-- Opening Marker --

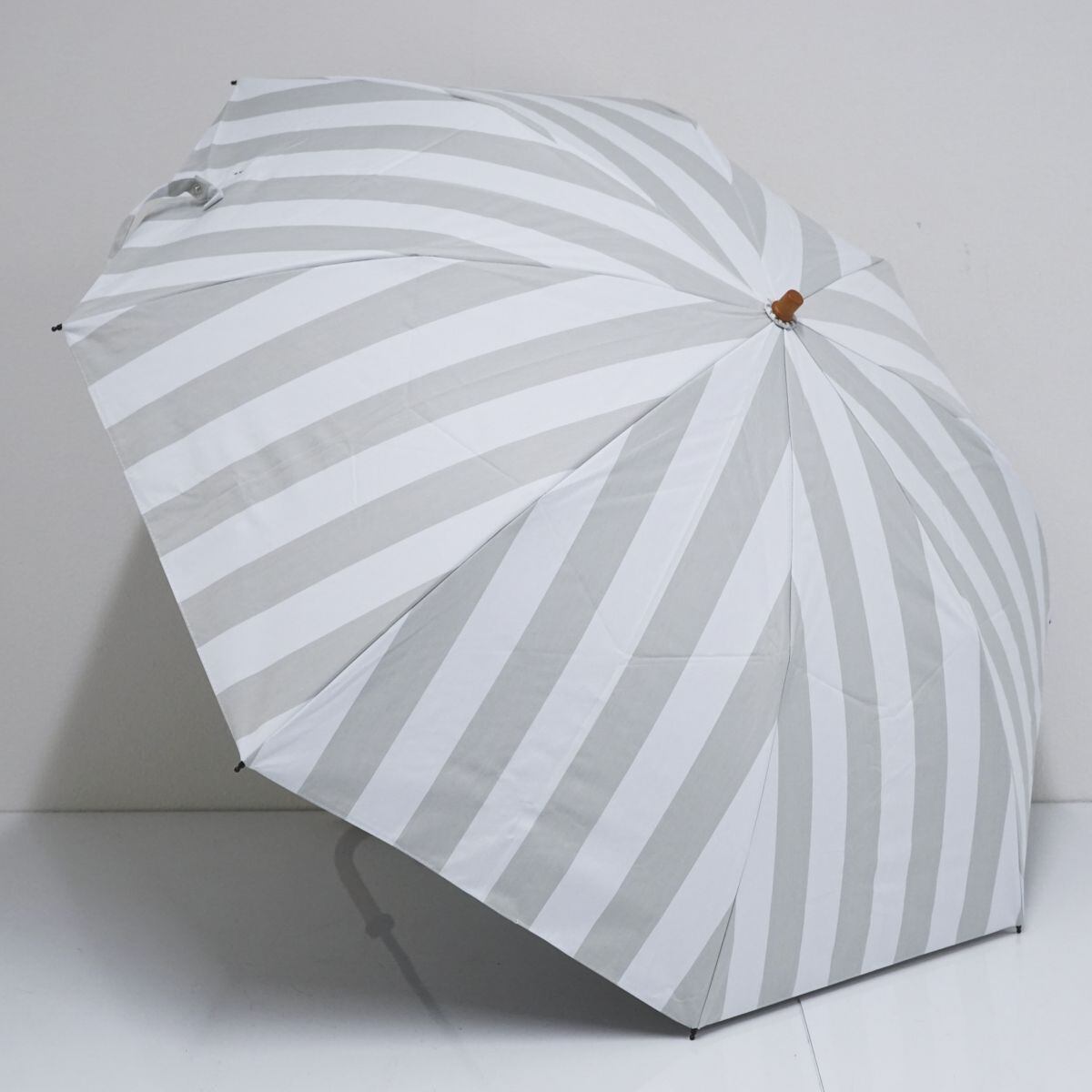 シンプルなストライプデザインの晴雨兼用パラソルです。
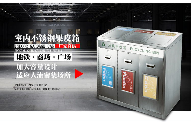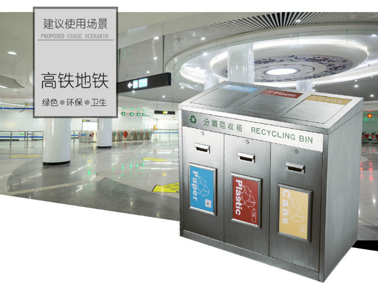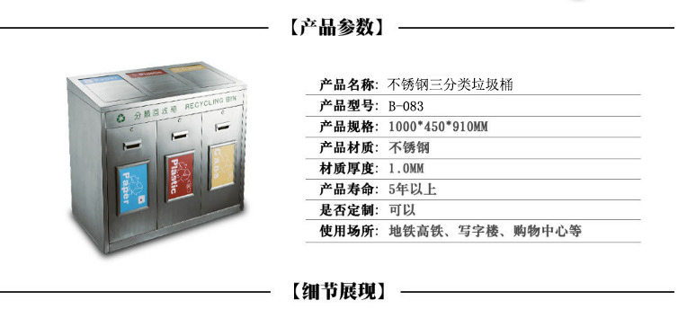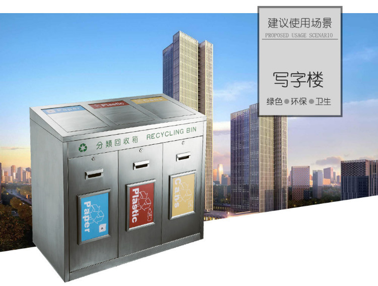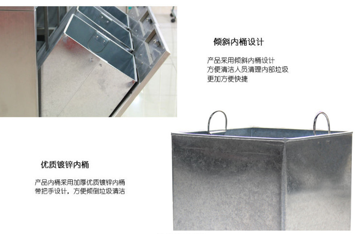 【品名】三分類垃圾桶  【品牌】 中星  【材質(zhì)】優(yōu)質(zhì)鍍鋅板  【內(nèi)膽】鍍鋅板、不銹鋼  【制作工藝】選用優(yōu)質(zhì)不銹鋼鋼板裁剪、壓制、折彎后再焊接而成型  【噴涂工藝】垃圾桶經(jīng)磷化噴砂處理后采用戶...
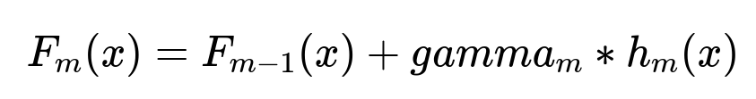 Here, m represents the iteration index, gamma_{m} is the learning rate or step size for iteration m, and h_{m}(x) is the newly fitted weak learner (decision tree). The final prediction is the sum of all incremental updates added over each iteration.
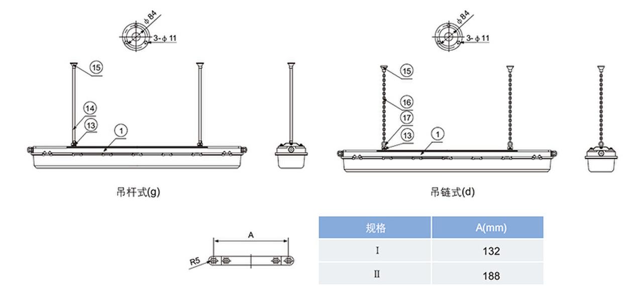● 吊桿式安裝常規供貨為側進線,若需上進線訂貨時請注明;

-- Closing Marker --

Work request = From the line with "Here, m represents" to the last line of the material, both inclusive, set down every line exactly and nothing else; omit pictures.

Output for this exercise =
 Here, m represents the iteration index, gamma_{m} is the learning rate or step size for iteration m, and h_{m}(x) is the newly fitted weak learner (decision tree). The final prediction is the sum of all incremental updates added over each iteration.
● 吊桿式安裝常規供貨為側進線,若需上進線訂貨時請注明;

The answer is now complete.